Panasonic DMR-EX98V DVD/HDD/VHS Recorder Review


Key Specifications

  • Review Price: £448.90

With the ability to record onto hard-disk, DVD and VHS, the DMR-EX98V stakes a claim for the title of Ultimate Recording Solution™. Panasonic sticks one of these multi-talented machines in its range every year to cater for those who want the flexibility and convenience of DVD and HDD recording, but also have lots of VHS tapes still lurking in their cupboards.
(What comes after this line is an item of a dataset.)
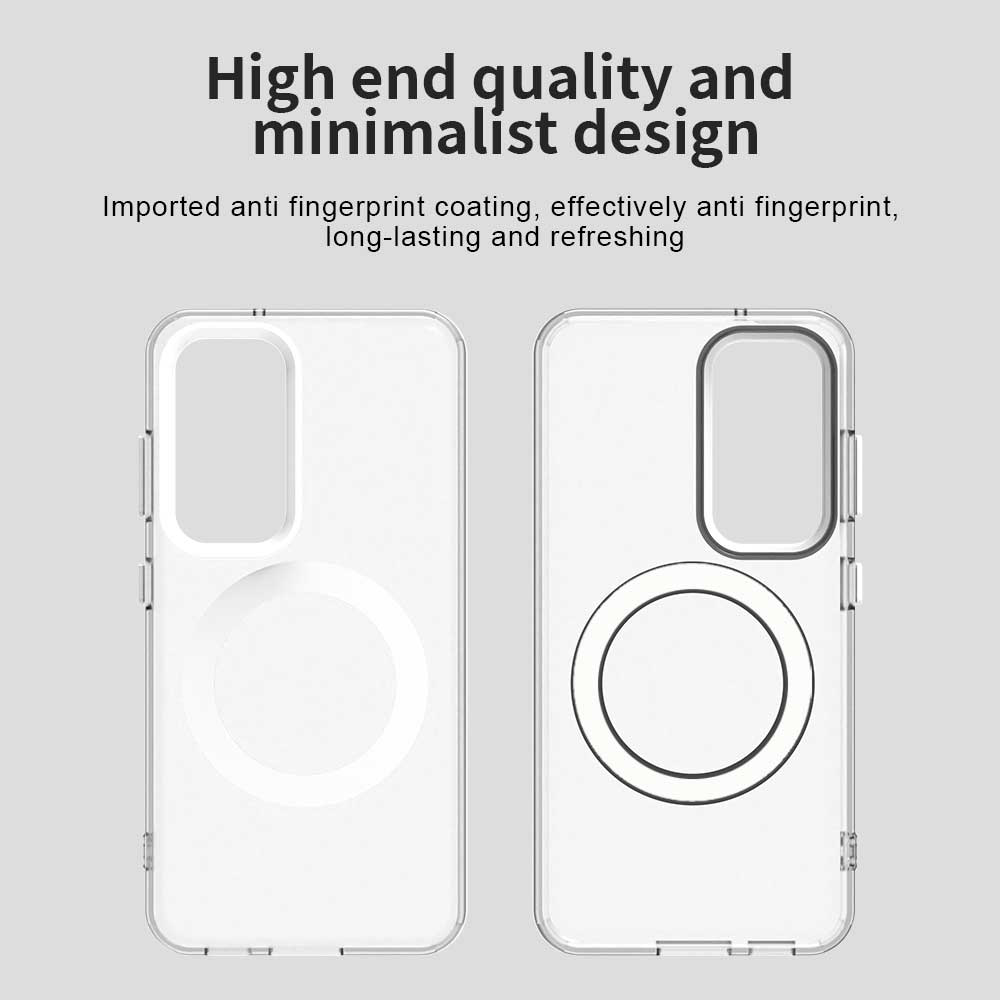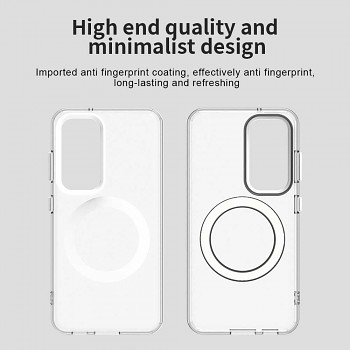 Techsuit CandyCase MagSafe v bílé barvě je navržen tak, aby dokonale podtrhl eleganci vašeho Samsungu Galaxy S23. Jedná se o průhledné pouzdro, které nechává vyniknout originální barvu a design telefonu. Je vyrobeno z flexibilního, ale odolného materiálu, pravděpodobně TPU, který efektivně absorbuje nárazy a chrání telefon před poškrábáním a pády. Zvláštností tohoto modelu je integrovaný bílý MagSafe kroužek na zadní straně, který zajišťuje perfektní kompatibilitu s MagSafe příslušenstvím, jako jsou bezdrátové nabíječky nebo peněženky. Pouzdro má zesílené rohy pro extra ochranu proti pádům a zvýšené okraje kolem displeje a modulu fotoaparátu, které chrání tyto citlivé části před přímým kontaktem s povrchem. Díky preciznímu zpracování jsou všechny výřezy dokonale zarovnány a tlačítka jsou snadno ovladatelná.

And because everything is combined into one tidy unit, you can transfer material internally between hard-disk, DVD and VHS tape (in any direction) and make back-up copies of your precious recordings.

The unit also features video upscaling to 720p, 1080i and 1080p, which makes it possible not only to watch DVDs, live TV and recordings in hi-def resolution, but also VHS tapes – a clever fusion of old and new technology that helps combat the problem of watching a low-quality source on a cutting-edge HD TV.
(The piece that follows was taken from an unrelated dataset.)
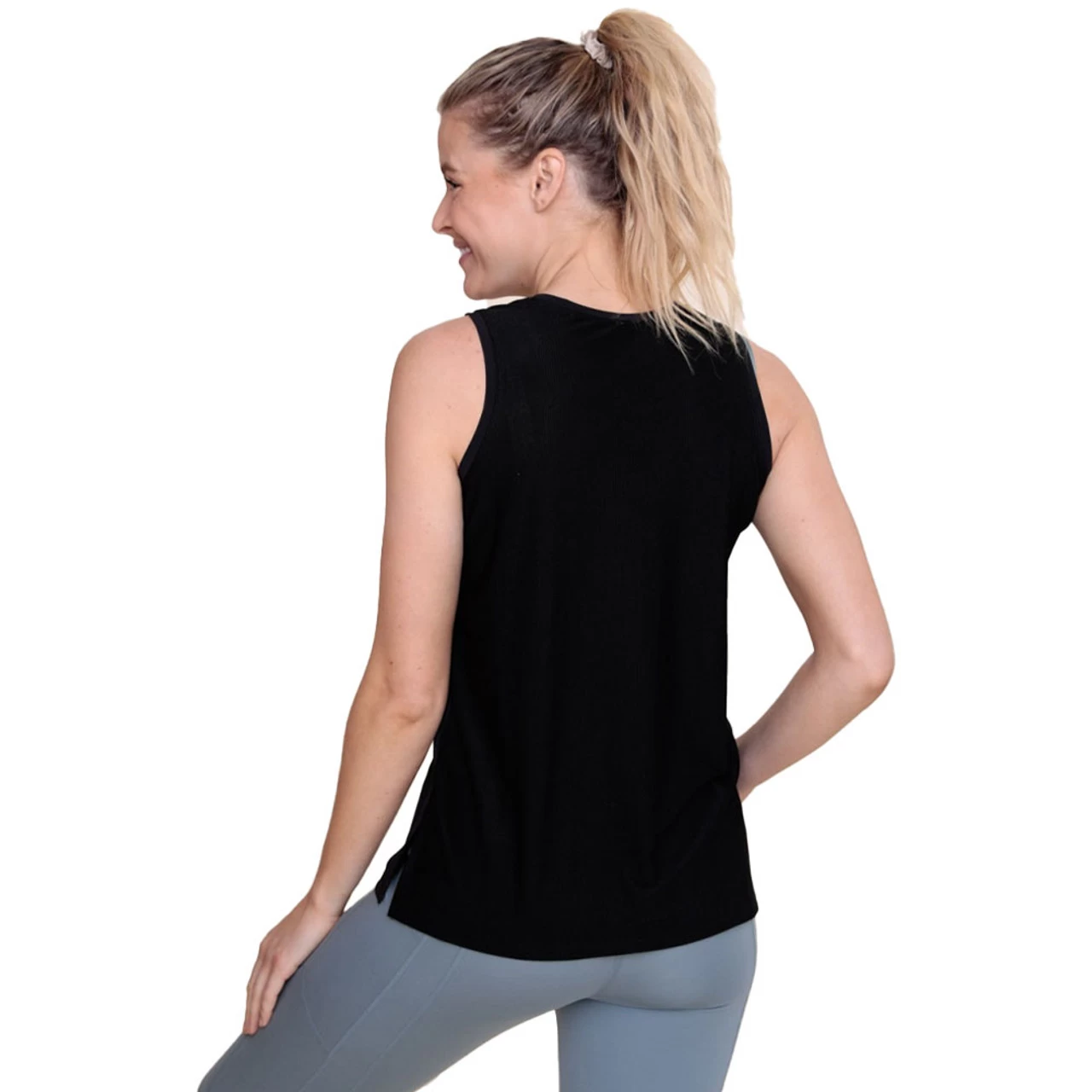 An overall breathable tank, it’s higher neckline, mesh fabric, and small side slits makes for a comfortable experience each time you wear it.

The inclusion of a VHS deck understandably makes the unit podgier than your average DVD/HDD combi but Panasonic has done a good job of masking this fact with a dashing black finish and a mirrored panel on the fascia. Within this panel is an illuminated display that uses large, easy-to-read digits and an indicator that tells you which drive is currently selected. Also on the front are buttons that activate one-touch copying between any of the drives.

The mirrored panel opens to reveal a few more buttons and a selection of auxiliary sockets, including S-video, composite and stereo audio inputs, plus a DV input to transfer camcorder footage. Even more generously, the DMR-EX98V provides a USB port and an SD card slot, the latter allowing you to view still pictures and SD Video files captured on Panasonic camcorders, or transfer them to the hard-disk. It also supports SDHC (High Capacity) cards of between 4GB and 16GB.

The rear panel is satisfyingly busy, boasting an HDMI v1.3 output that supports Deep Colour, Viera Link HDMI CEC and the aforementioned video upscaling, as well as a set of component sockets and an RGB-capable SCART output. For lower-quality needs, there are also S-video and composite outputs and if you want to record from external devices (such as a Sky box or Freeview receiver) then the RGB-capable SCART input lets you do so in superb quality. Digital audio duties are handled by the single optical output, which outputs Dolby Digital, DTS, MPEG and PCM.